Tuesday, June 3, 2008

"Frau W, when is your baby shower..."



This is a question I was asked yesterday in class by one of my students. When I told him that I would be having shower number 4 in two weeks, his eyes popped open. "Aren't you just supposed to have one?" he asked. I didn't know how to asnwer. "If someone wants to throw me a party, who am I to say no?"

A point that was also made by another student-- Matt-- was that this upcoming shower would, in fact, be number 5. That is to say that the surprise party that my yearbook class threw me last Friday, of which Matt was a part, had already ranked in at Number 4.

For a while, I had been suspecting that some kind of party might be coming my way on behalf of my students. There were just too many times that I saw a paper flip over quickly as I approached to look over shoulders or a paper passed around the room. But I didn't know when or how. I figured that all my students were banding together to throw me a shower afterschool. The problem there was that I wasn't thinking like a teenage high school student.

Why have a party afterschool when it would be just as easy to do it during school and put off work?

So on Friday, I made my way downstairs for 5th period in the yearbook computer lab. Pretty much every day, I am late to this class, as I have to clean up from my AP's, throw my stuff in my bag, ride the elevator downstairs, and walk to my other room. According to our attendance policies, I would have failed long ago for so many unexcused tardies.

As I approached the room, Naema stood outside and ran in before me, closing the door. "Oh, haha," I thought. "They are going to teach me a lesson by locking me out. Very creative." I came up to the door and only made a minor note that the light was off. Naema swept the door open and I walked into the room. As I came in, she flipped on the lights and there were all my "kids" from yearbook waiting. "Surprise", they yelled, and all I could do was grin.

On my desk was a cake. And when I say cake, I mean CAKE. My student Brian, who is both a yearbook and a German student, works at a local bakery and gets a nice discount. So this cake had two layers; it had fondahn (spelling?), which is that fancy thick icing used on wedding cakes. I mean, this was like the kind of wedding cake a small wedding might require. And it was all for me. Atop the cake was my favorite thing so far... a small statuette of a highly pregnant woman in a spandex superhero outfit. Behind her flies a cape and on the pedestal below her, it declares her "Super Mom-to-Be".

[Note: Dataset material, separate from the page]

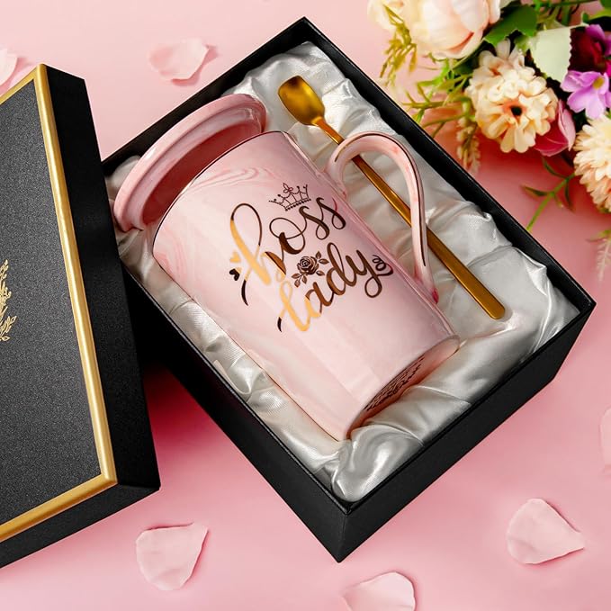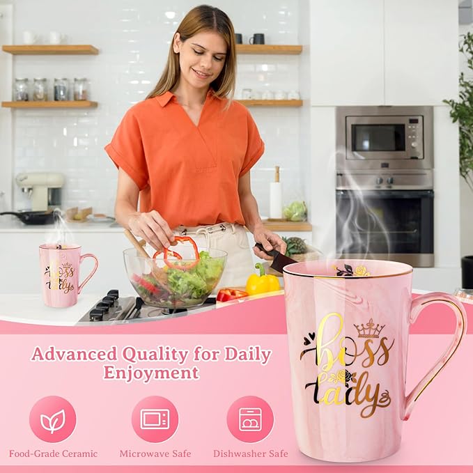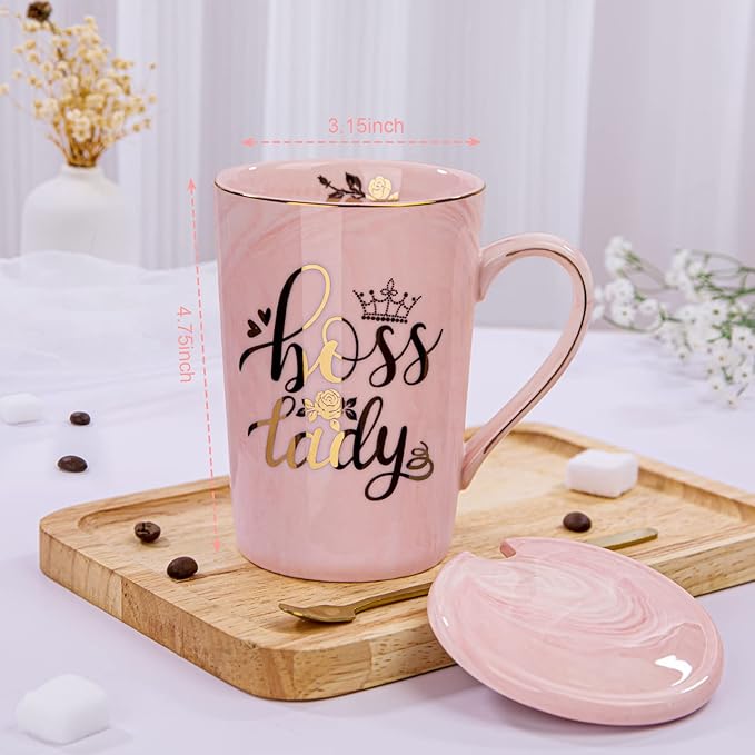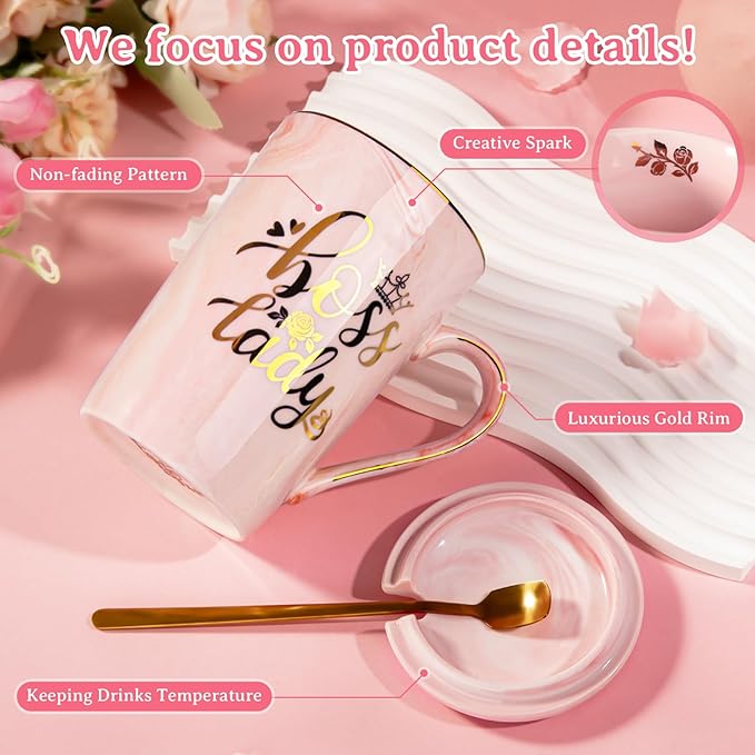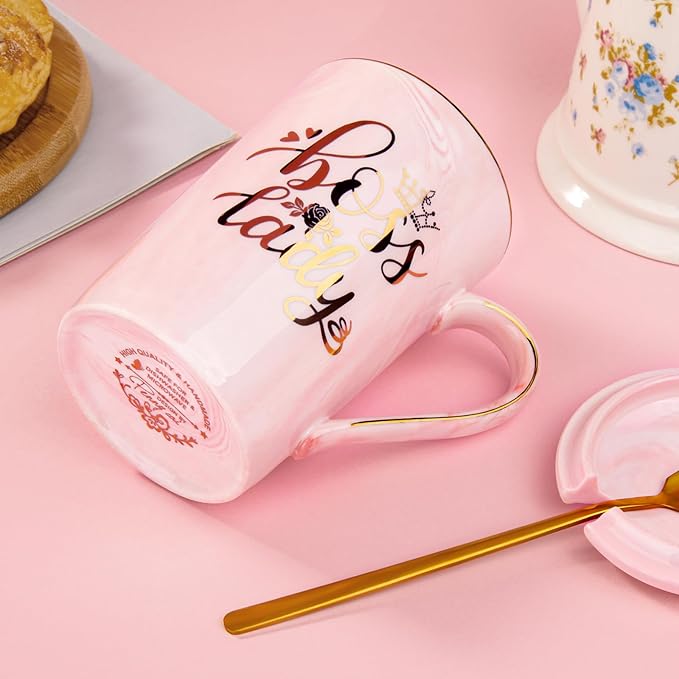 Biching Boss Lady Gifts for Women - Unique Birthday Gift for Women, Friend, Coworkers, Colleagues, Boss Female - Appreciation Mothers Day Gifts - 14Oz Marble Ceramic Coffee Mug Pink

Along with the cake, cookies, hot queso dip, soda, and pizza they ordered before I got there, was a pyramid of packages of diapers. Upon second look, I realized how smart my editors are. Rather than getting about 6 packages of newborn diapers, they had gotten a variety of sizes, from Newborn up to 4. (The top shelf of Jamie's closet is now covered in various sizes of diaper.)

The diapers was a fantastic gesture, but best still is simply the idea that they threw me a surprise party in the first place. I had no idea and there were quite a number of people who took part in it.

And guess what... that wasn't the end of it. Brian was in my 7th period class and let me know that he had been trying to get that group to bring food on the same day to keep the party going. Unfortunately, not many students remembered to bring food-- except for two big bags of soda cans. Needless to day, my day had been shot and 7th period still got to watch a movie after they finished their presentations.

But was that the end of it? Oh no.... this morning, I approached my classroom for 3rd period. Strangely enough, there was a sheet of baby wrapping paper over the window looking in my room from the hallway. I walked in and saw Kelly-- one of my AP students-- taping it up. There was another sheet taped across my desk. "You're early" she said!

Although I volunteered to disappear for a while, Kelly let me come in and stay, as one by one, my 13 AP students brought in food. Cookies, cupcakes, homemade ice cream, brownies, this really good dessert one of my students makes, chips, and something healthy--- bagels. (Thank goodness for Robert) In the end, I was sooo full of sugar that I didn't feel so fantastic, and we went outside to play Apples to Apples, as my AP's are pretty much finished anyway.


As a group, they got me an adorable outfit from Gymboree that features a pattern of camping and bears. Also a homemade blanket, and various bathroom products. As I told another colleague who commented on my students frequently bringing me goodies, "They have known me for 4 years. They have to be nice to me!"